Amey places a teaspoon of sulfur over an alcohol burner lamp included in the Gilbert chemistry set he opened that morning.

A colorless, suffocating gas overpowers the delicious holiday aromas, and for half an hour the family stands outside in the frigid fresh air with the kitchen windows flung open.

Despite the disruption and annoyed parents, Amey is completely hooked and soon reigns supreme over a chemistry lab in the basement.

That lab sparked projects and experiments that led him to win regional, national, and international science fairs and earn rewards including a National Merit scholarship, a published paper, and trips to the Apollo 13 launch and Tokyo, Japan.

He came to South Mountain as a commuter student. Ned Heindel, Howard S. Bunn Emeritus Professor of Chemistry, led a strong group of graduate and postdoctoral fellows who befriended Amey and supported his undergraduate research. It didn’t take long for him to realize that he’d need a doctorate to pursue the kind of research that interested him.

Amey’s second publication emerged from his summer research work conducted under Heindel’s direction. Beyond the classroom and lab, Amey took on many projects for the department, like indexing the chemicals in the hallway cabinets in Chandler Hall and cleaning out the attic, where faculty members brought back specimens from early global expeditions.

He earned the William H. Chandler Chemistry Prize in 1974 and graduated with highest honors and departmental honors.

Amey received his doctorate and met his lifelong love, Gail, at University of Illinois Urbana-Champaign. Soon, they were both employed at DuPont, where Amey built a career in new business development, turning waste products, by-products, and co-products into useful and marketable products.

The team joked how they worked from A to Z, developing additives for asphalt and zeolite catalysts for fuel. Amey developed materials for paints, coatings, epoxy, and fragrances. During his time at DuPont, he received two Corporate Marketing Excellence awards.

While his work often took him around the world, the Ameys love an adventure. Together, they have visited 53 countries, toured Africa 12 times, and explored sites including the Egyptian pyramids, Machu Picchu, and Angkor Wat.

The Ameys always travel with cameras to capture images of wildlife, architecture, landscapes, and culture.

Amey also is active at Lehigh, serving on the dean’s advisory council for the College of Arts and Sciences. The Ameys created an endowment supporting summer undergraduate chemistry research — something of lasting impact.

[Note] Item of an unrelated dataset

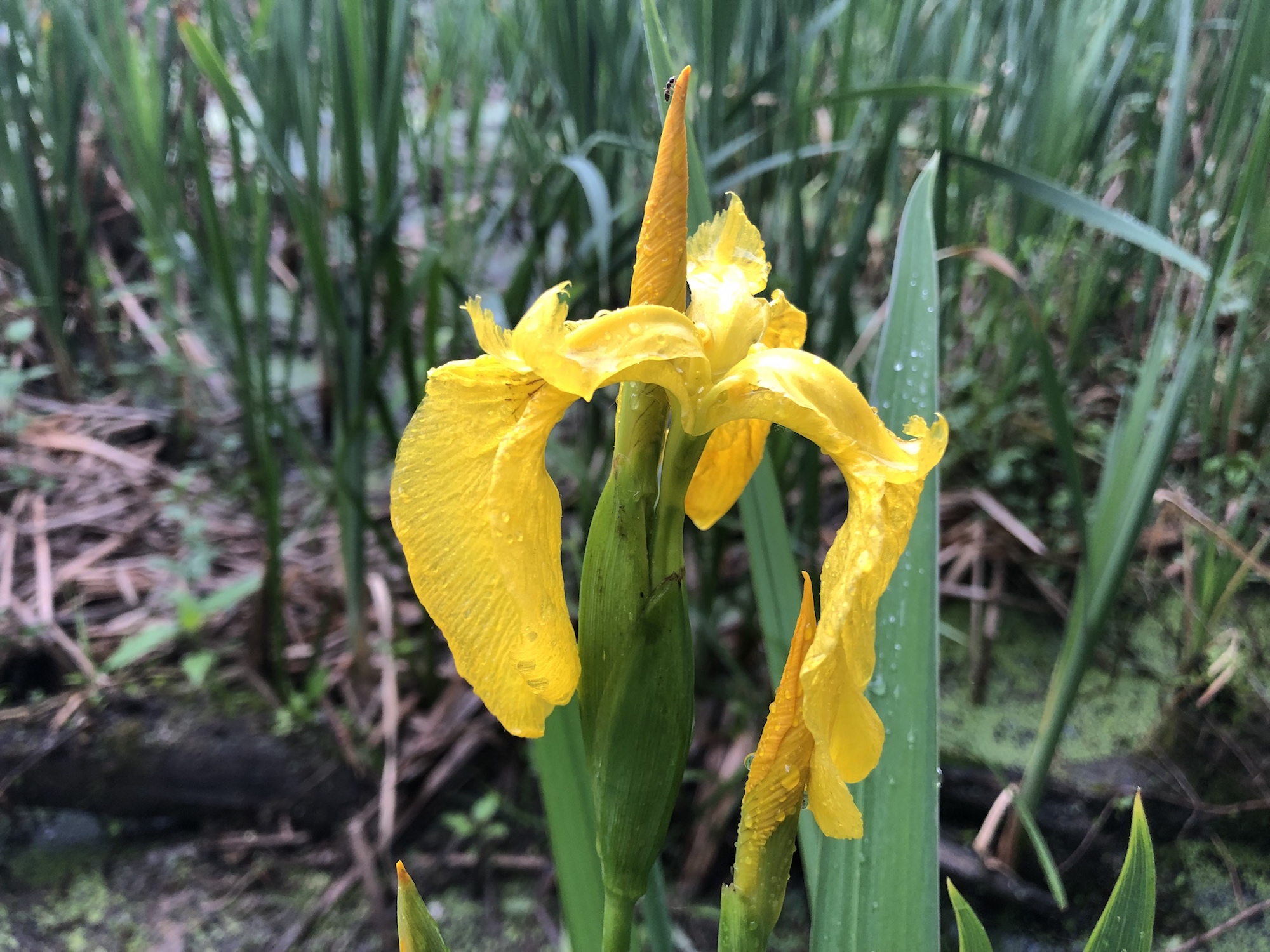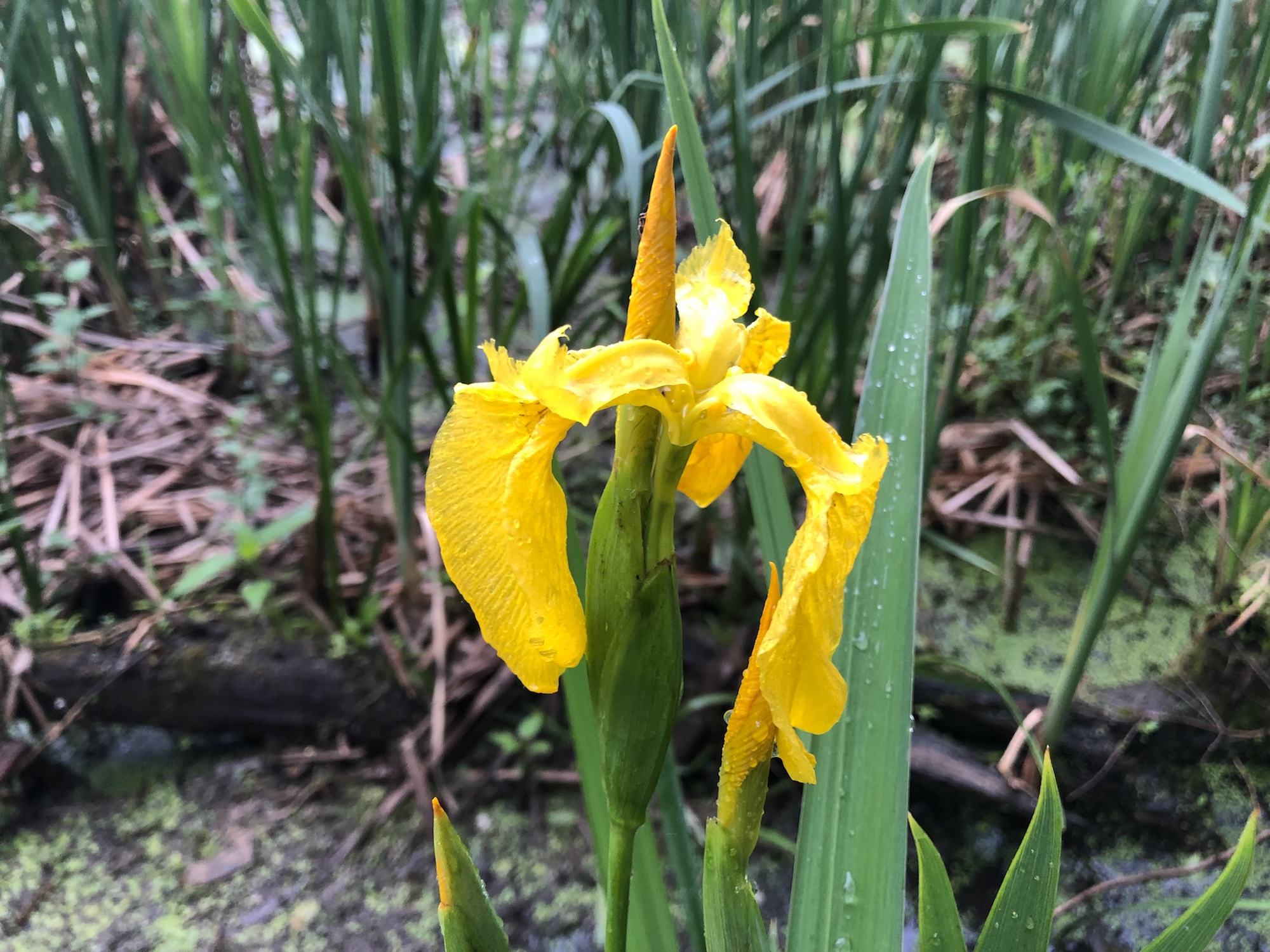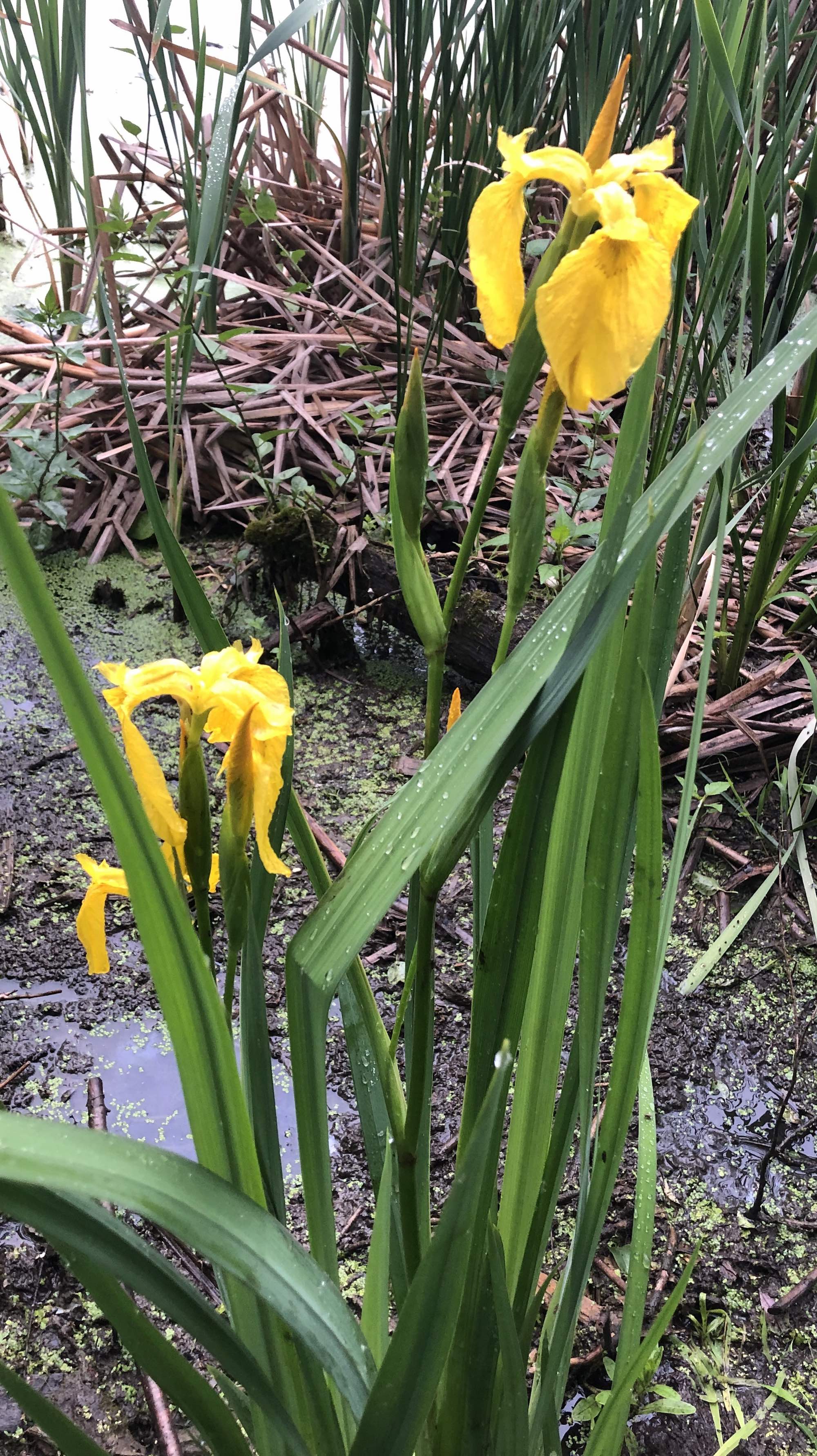 Above: Yellow flag iris in Lake Wingra Cattails. Redwing Blackbirds..

“Lectures and labs are necessary and helpful, but research is the only way to discover what students really want to pursue,” he says.

The Ameys use their IRA to make a qualified charitable distribution supporting that endowment. They also set up a donor-advised fund that they continue to grow and will utilize to benefit Lehigh as a beneficiary in the future.

“I received merit and financial aid scholarships as a student,” he says. “We want to support students so they don’t have to struggle to get what they need. No one can do it alone. There is so much talent in need of resources. We want to be there to help them ignite their passions and forge a pathway forward.”

Same fire he had, but less sulfur this time.